Observers within Indian civil society have warned that the perpetuation of such asymmetries may engender a renewed cycle of public health neglect, whereby future pandemics could exploit the same structural lacunae that allowed SARS‑CoV‑2 to ravage communities already burdened by inadequate healthcare infrastructure and chronic socioeconomic disparity.
In the administrative domain, the Ministry of Health and Family Welfare has issued a communique asserting that it remains committed to collaborative engagement, yet the language of the statement betrays a measured reluctance to concede substantive policy shifts that might curtail domestically preferred procurement strategies reliant upon private‑sector partnerships and indigenous vaccine development programmes.
Should the Indian Constitution’s guarantee of the right to health be interpreted to obligate the central government to secure legally enforceable clauses within any forthcoming WHO pandemic treaty that compel equitable vaccine allocation, price transparency, and compulsory licensing, thereby rendering the state accountable before the judiciary for any failure to protect its most vulnerable citizens from preventable disease?
Might the existing framework of the International Health Regulations be insufficient to address the systemic disparity revealed by the Covid‑19 experience, thereby necessitating a legislative amendment that explicitly sanctions sanctions against nations that persist in hoarding medical countermeasures, and if so, what constitutional or parliamentary mechanisms would empower Indian legislators to enact such punitive provisions without infringing upon sovereign diplomatic prerogatives?

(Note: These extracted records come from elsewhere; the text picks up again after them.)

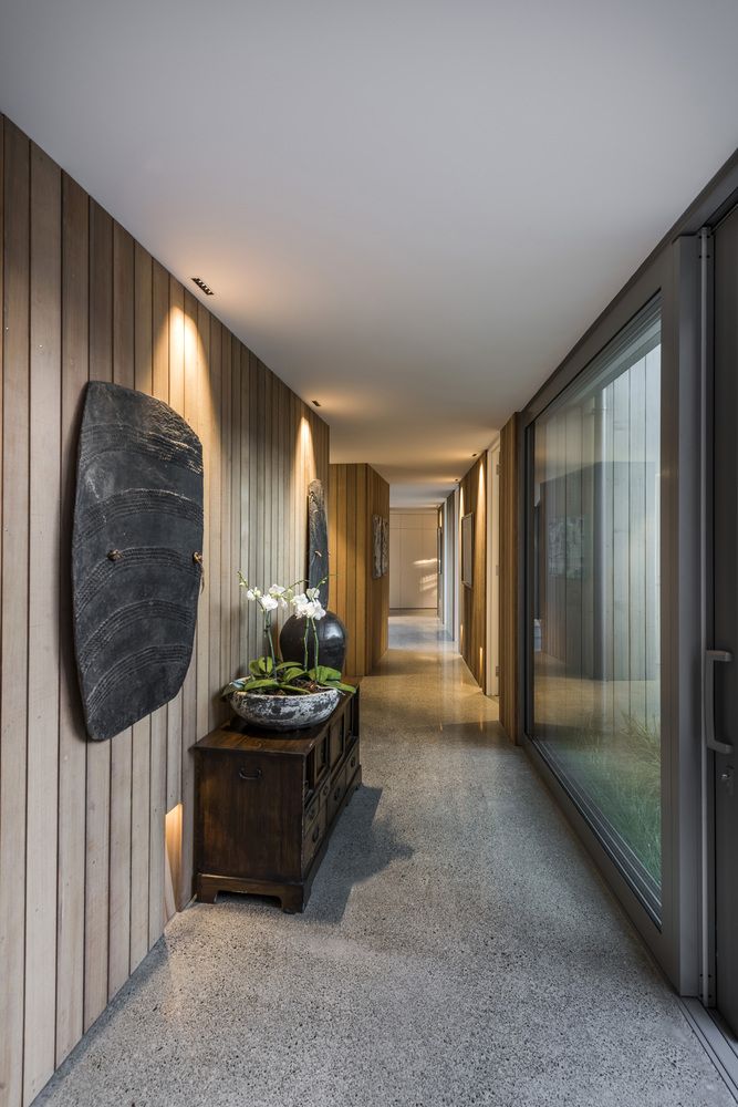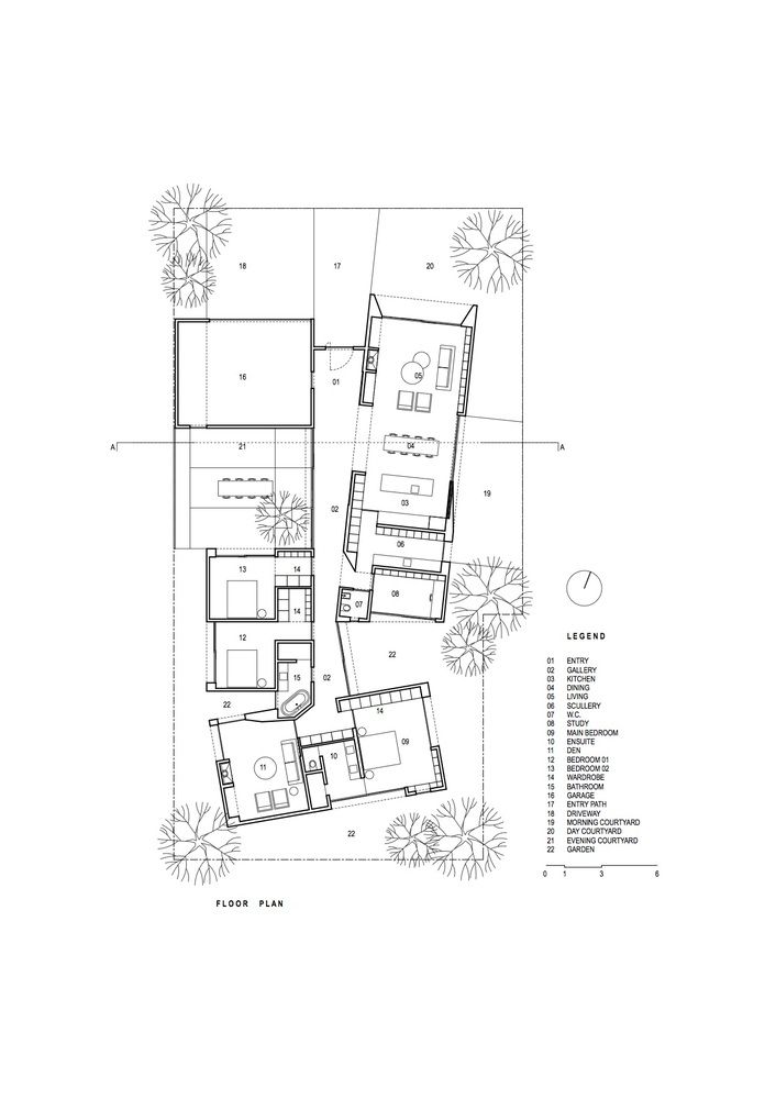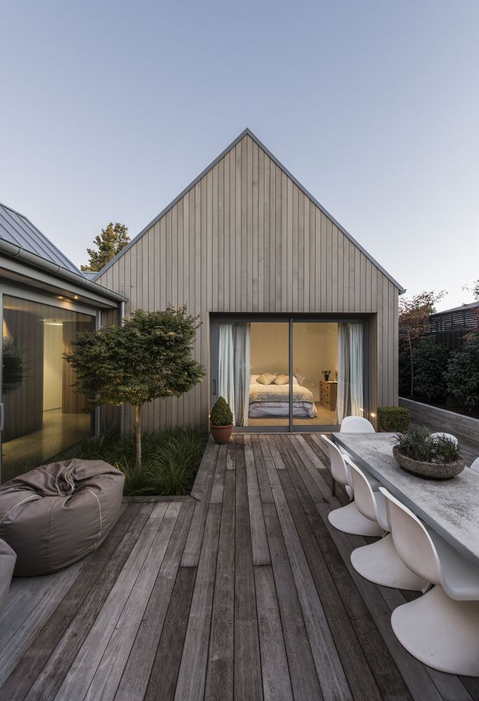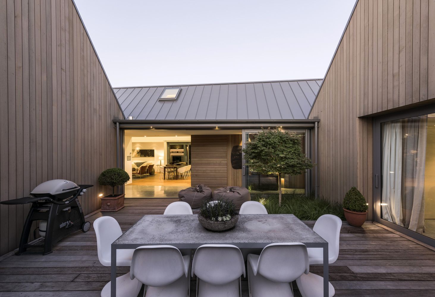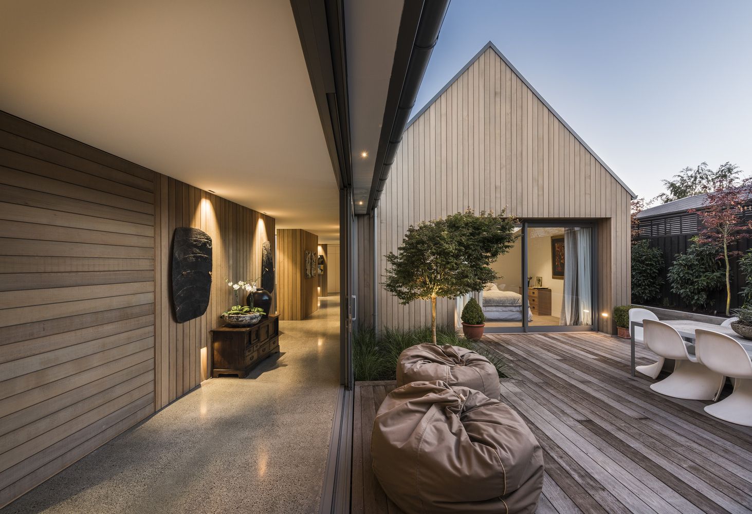 Analizując historię miasta Christchurch, odkryto, że jest ona mocno zakorzeniona w rolnictwie. Postanowiono zatem zaprojektować miejską wersję typowego angielskiego domu z dwuspadowym dachem, jaki kojarzymy z zabudowaniami rolniczymi. Dom składa się z czterech połączonych ze sobą budynków, które tworzą serię przestrzeni z dziedzińcami pomiędzy poszczególnymi budynkami. Każdy z tych czterech „pawilonów” łączy się z kolejnym budynkiem przeszklonym przejściem o płaskim dachu. Miejsca te są pełne światła i otwarte na widoki.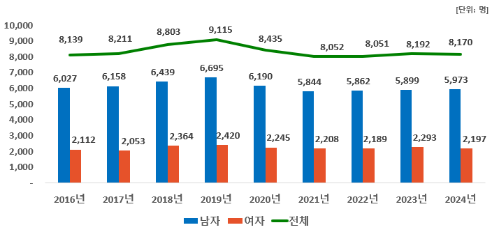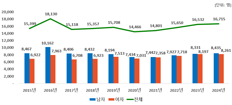 [그림 1] 2016-2024년 성별 중증외상1) 발생 추이 |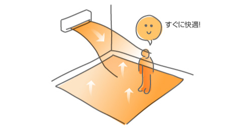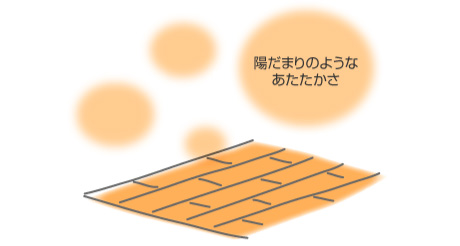 床暖房は、床から直に伝わる熱と、室内を下からあたためる熱との組み合わせ。

Could the reliance on public‑private partnership models for pandemic preparedness be deemed a dereliction of the state’s duty to provide universal health services, and would a judicial review of such arrangements reveal violations of the constitutional directive principles of state policy that prescribe the equitable distribution of essential medicines and the prevention of exploitation by profit‑driven entities?
Is it within the competence of the Union Ministry of Health, in conjunction with the Ministry of Law and Justice, to draft a domestic statutory instrument that transposes the obligations of any WHO pandemic treaty into binding Indian law, thereby furnishing citizens with a judicially enforceable remedy should the government neglect its treaty‑derived responsibilities?
Might the Supreme Court’s jurisdiction under Article 32, traditionally invoked to enforce fundamental rights, be expansively interpreted to compel the executive branch to disclose a fully itemised and publicly accessible ledger of all vaccine procurement agreements, thereby illuminating any procedural improprieties, preferential allocations, or profiteering schemes that would contravene constitutional guarantees of equality before the law, non‑discrimination, and the overarching public interest?
Will the eventual adoption of a WHO pandemic treaty, should it incorporate robust dispute‑resolution mechanisms and enforceable penalties, furnish a viable platform for India to challenge expatriate pharmaceutical monopolies, thereby rectifying the historic inequities that have rendered its population vulnerable to preventable morbidity and mortality in successive health crises?